Task to complete —
Write out the lines below exactly, beginning at the one with "인천공항 자기부상열차는 인천공항" and stopping after the one with "核災難廢土的世界觀設定,讓這"; the pictures are not copied.

Source information —
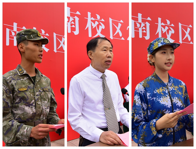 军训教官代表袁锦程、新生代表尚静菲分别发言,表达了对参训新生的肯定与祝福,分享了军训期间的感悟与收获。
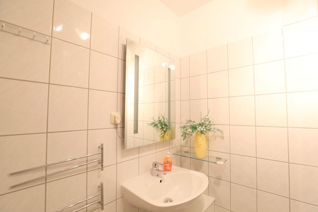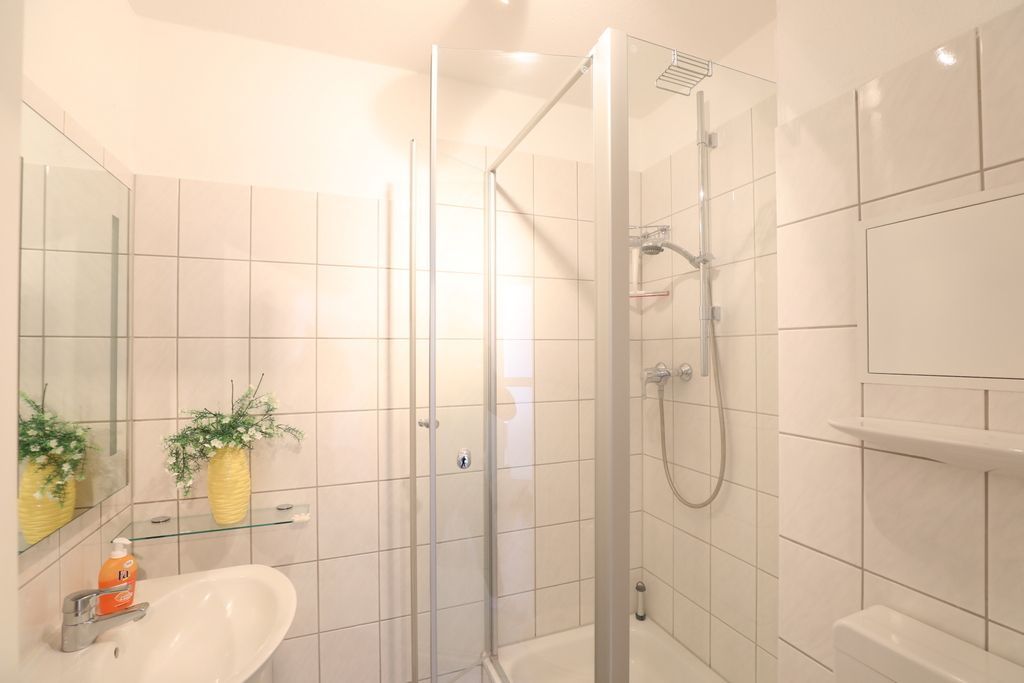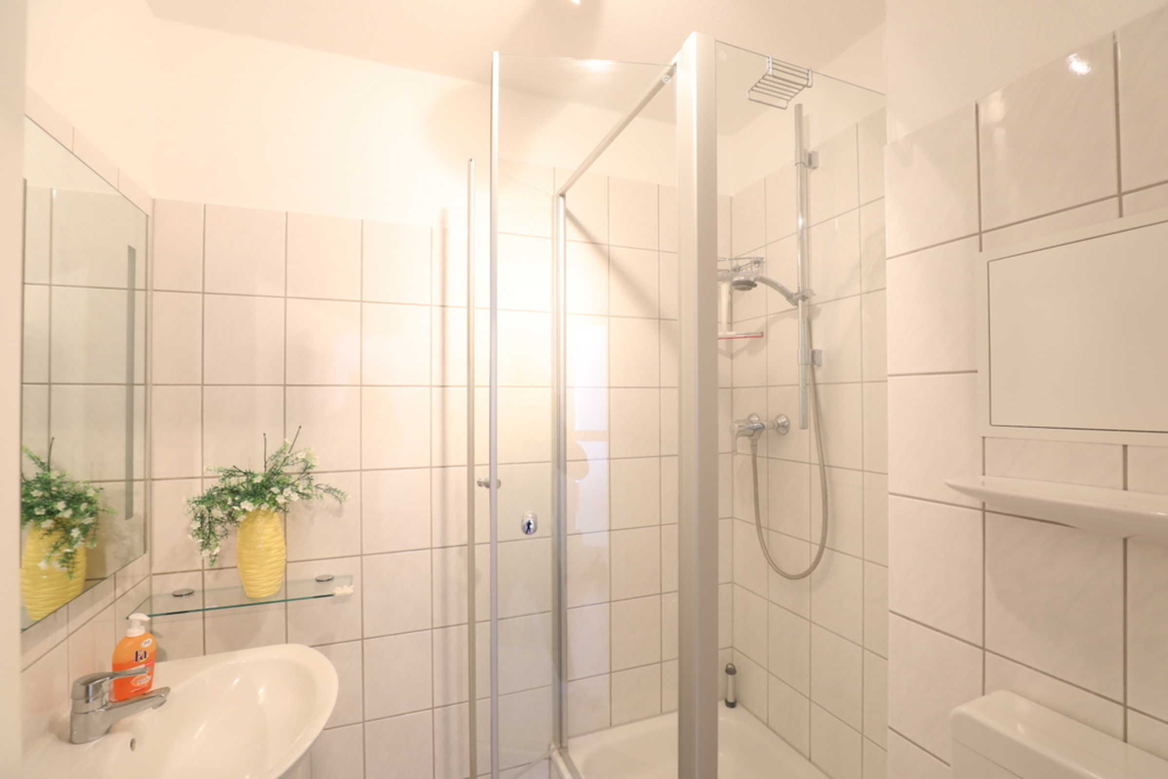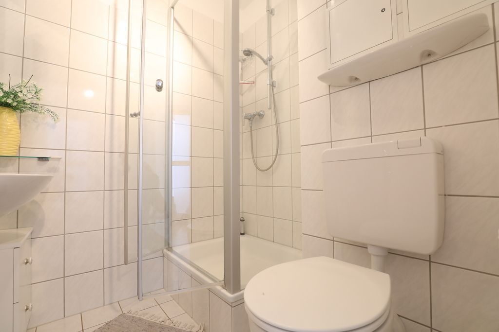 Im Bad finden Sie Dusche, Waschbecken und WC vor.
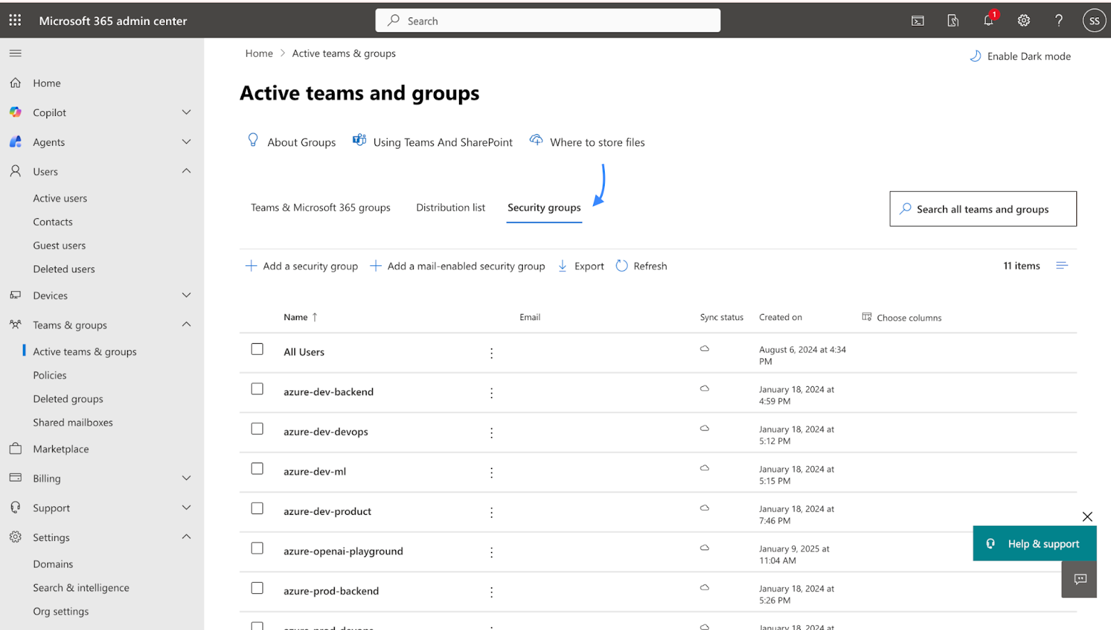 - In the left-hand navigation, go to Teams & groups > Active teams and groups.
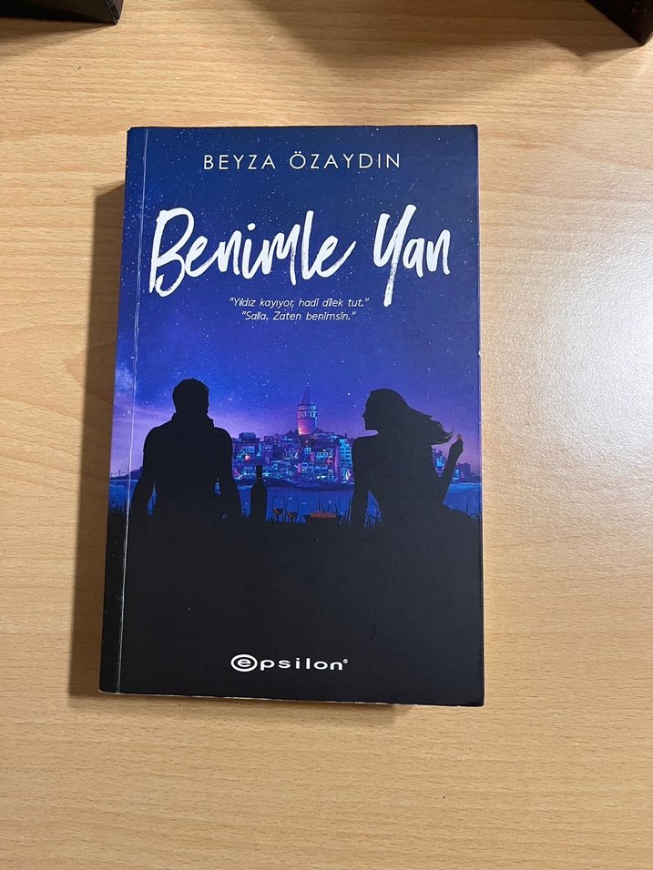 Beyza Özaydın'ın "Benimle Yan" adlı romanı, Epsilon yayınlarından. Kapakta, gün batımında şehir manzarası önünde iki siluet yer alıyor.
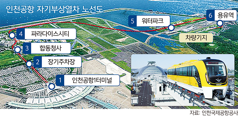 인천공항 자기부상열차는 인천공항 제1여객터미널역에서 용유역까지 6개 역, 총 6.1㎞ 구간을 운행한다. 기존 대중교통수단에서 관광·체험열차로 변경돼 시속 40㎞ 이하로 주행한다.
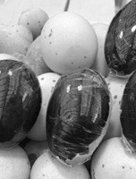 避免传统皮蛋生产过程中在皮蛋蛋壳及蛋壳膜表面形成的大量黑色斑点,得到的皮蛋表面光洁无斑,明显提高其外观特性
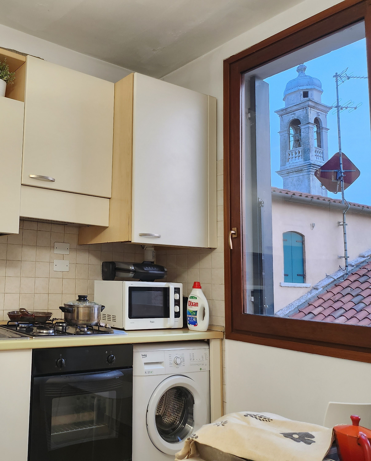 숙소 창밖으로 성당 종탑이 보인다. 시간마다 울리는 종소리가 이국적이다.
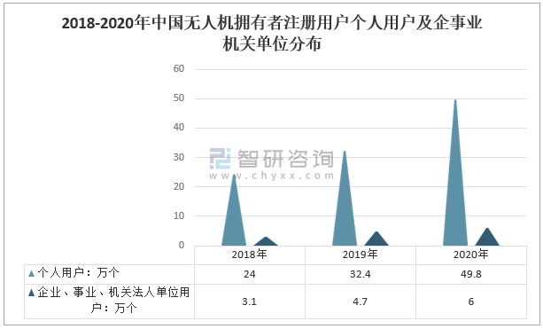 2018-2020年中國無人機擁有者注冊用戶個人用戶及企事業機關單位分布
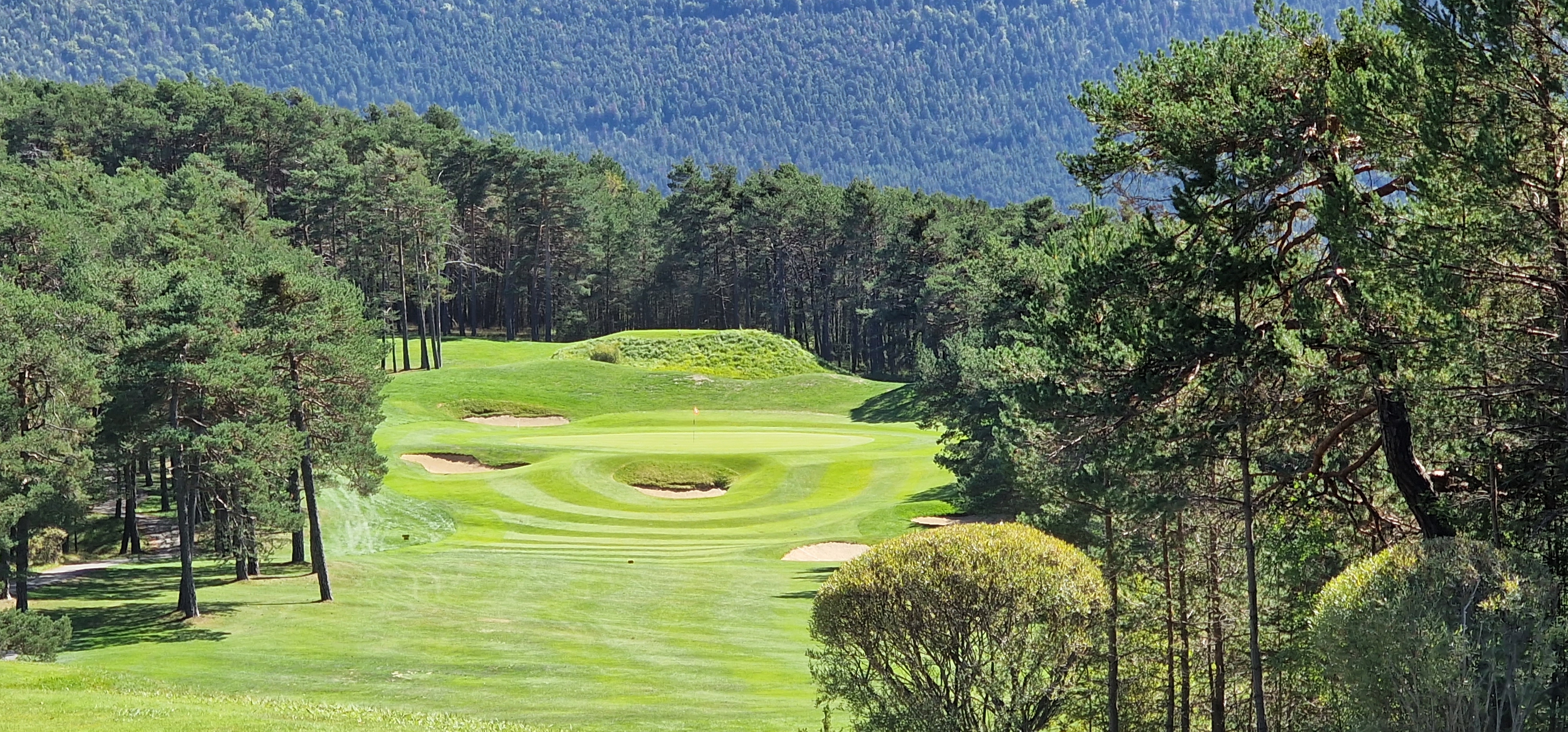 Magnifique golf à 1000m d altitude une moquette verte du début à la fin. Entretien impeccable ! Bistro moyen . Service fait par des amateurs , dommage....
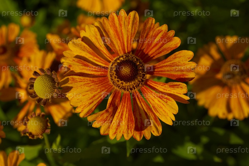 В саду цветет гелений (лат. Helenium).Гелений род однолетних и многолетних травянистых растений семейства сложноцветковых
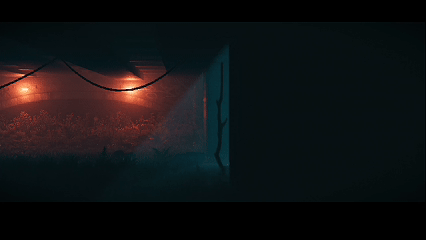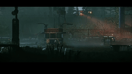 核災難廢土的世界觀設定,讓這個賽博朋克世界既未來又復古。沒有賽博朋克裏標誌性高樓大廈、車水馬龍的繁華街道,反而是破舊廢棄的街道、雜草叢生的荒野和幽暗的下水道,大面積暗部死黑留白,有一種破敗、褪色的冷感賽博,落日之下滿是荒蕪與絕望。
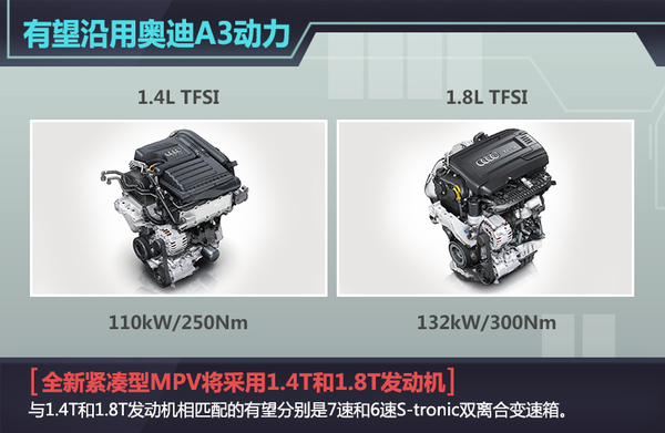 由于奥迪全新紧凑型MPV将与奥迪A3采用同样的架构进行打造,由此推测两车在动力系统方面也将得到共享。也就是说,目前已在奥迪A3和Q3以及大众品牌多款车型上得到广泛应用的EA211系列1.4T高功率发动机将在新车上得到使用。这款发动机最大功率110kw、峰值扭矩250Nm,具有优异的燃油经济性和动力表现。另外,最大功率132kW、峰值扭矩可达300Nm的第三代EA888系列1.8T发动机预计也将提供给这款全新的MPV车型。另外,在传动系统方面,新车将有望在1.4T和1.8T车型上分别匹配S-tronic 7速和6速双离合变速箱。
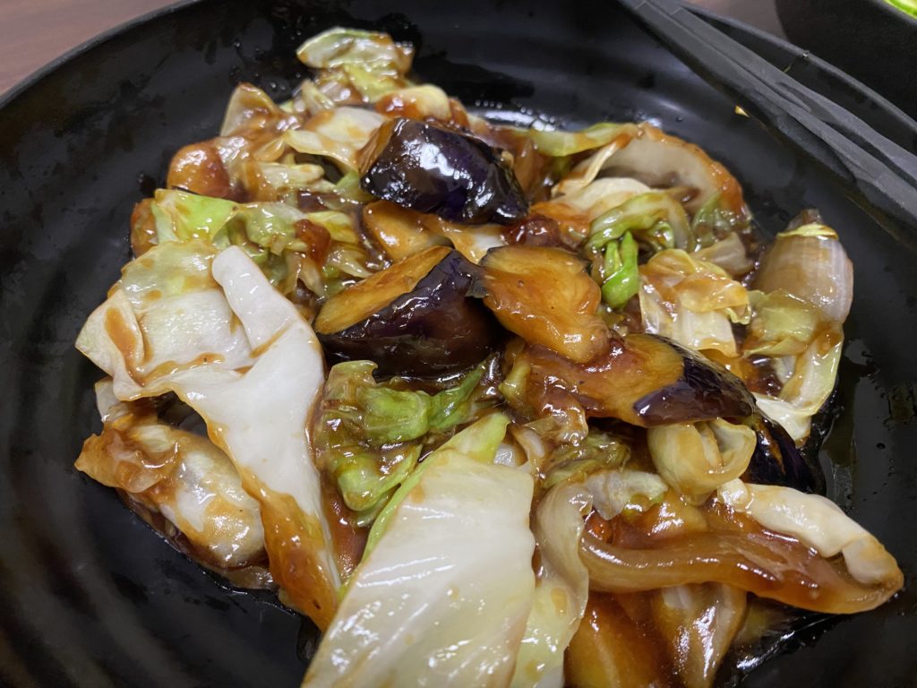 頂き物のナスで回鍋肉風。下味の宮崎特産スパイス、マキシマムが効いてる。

Answer below —
 인천공항 자기부상열차는 인천공항 제1여객터미널역에서 용유역까지 6개 역, 총 6.1㎞ 구간을 운행한다. 기존 대중교통수단에서 관광·체험열차로 변경돼 시속 40㎞ 이하로 주행한다.
 避免传统皮蛋生产过程中在皮蛋蛋壳及蛋壳膜表面形成的大量黑色斑点,得到的皮蛋表面光洁无斑,明显提高其外观特性
 숙소 창밖으로 성당 종탑이 보인다. 시간마다 울리는 종소리가 이국적이다.
 2018-2020年中國無人機擁有者注冊用戶個人用戶及企事業機關單位分布
 Magnifique golf à 1000m d altitude une moquette verte du début à la fin. Entretien impeccable ! Bistro moyen . Service fait par des amateurs , dommage....
 В саду цветет гелений (лат. Helenium).Гелений род однолетних и многолетних травянистых растений семейства сложноцветковых
 核災難廢土的世界觀設定,讓這個賽博朋克世界既未來又復古。沒有賽博朋克裏標誌性高樓大廈、車水馬龍的繁華街道,反而是破舊廢棄的街道、雜草叢生的荒野和幽暗的下水道,大面積暗部死黑留白,有一種破敗、褪色的冷感賽博,落日之下滿是荒蕪與絕望。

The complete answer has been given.